_EXERCISE DATA_
____

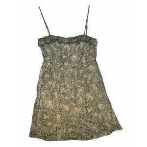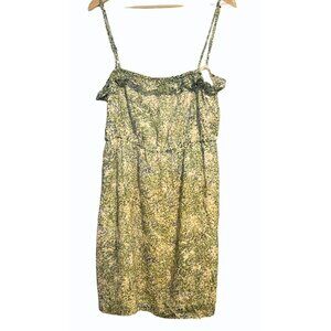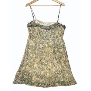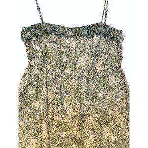 J Crew Floral Green & Cream Sleeveless Silk Dress Size 8 Adjustable Straps
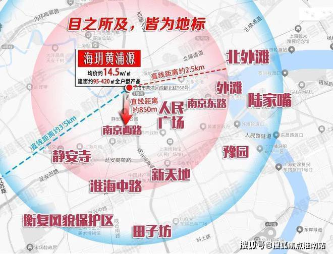 视野扩大,「海玥黄浦源」拥有的则是上海市中心顶层生活配套资源,与南京西路直线距离仅约850m;直线距离约2.5公里之内,覆盖了外滩、人民广场、静安寺、新天地等顶层商圈;与陆家嘴、北外滩直线距离在约3.5km内,目之所及,皆为地标,在当下豪宅市场没有对手!
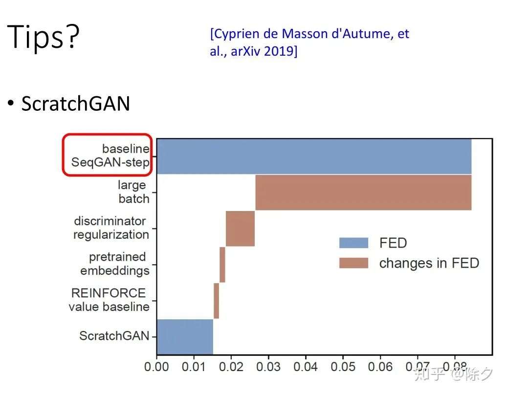 DeepMind 将用强化学习去训练生成器的各种技巧都试了一遍,并把实验都汇总在一篇叫ScratchGAN 的论文中。他们用的评估指标是越小越好的 FED。ScratchGAN 给我们的启发是。SeqGAN-step 是最重要的技巧。如果不用我们是训练不起来的。

____

_TASK OBJECTIVE_
Pictures stay out; everything else in the listing above is to be repeated exactly.

_RESPONSE FOR THIS EXERCISE_
 J Crew Floral Green & Cream Sleeveless Silk Dress Size 8 Adjustable Straps
 视野扩大,「海玥黄浦源」拥有的则是上海市中心顶层生活配套资源,与南京西路直线距离仅约850m;直线距离约2.5公里之内,覆盖了外滩、人民广场、静安寺、新天地等顶层商圈;与陆家嘴、北外滩直线距离在约3.5km内,目之所及,皆为地标,在当下豪宅市场没有对手!
 DeepMind 将用强化学习去训练生成器的各种技巧都试了一遍,并把实验都汇总在一篇叫ScratchGAN 的论文中。他们用的评估指标是越小越好的 FED。ScratchGAN 给我们的启发是。SeqGAN-step 是最重要的技巧。如果不用我们是训练不起来的。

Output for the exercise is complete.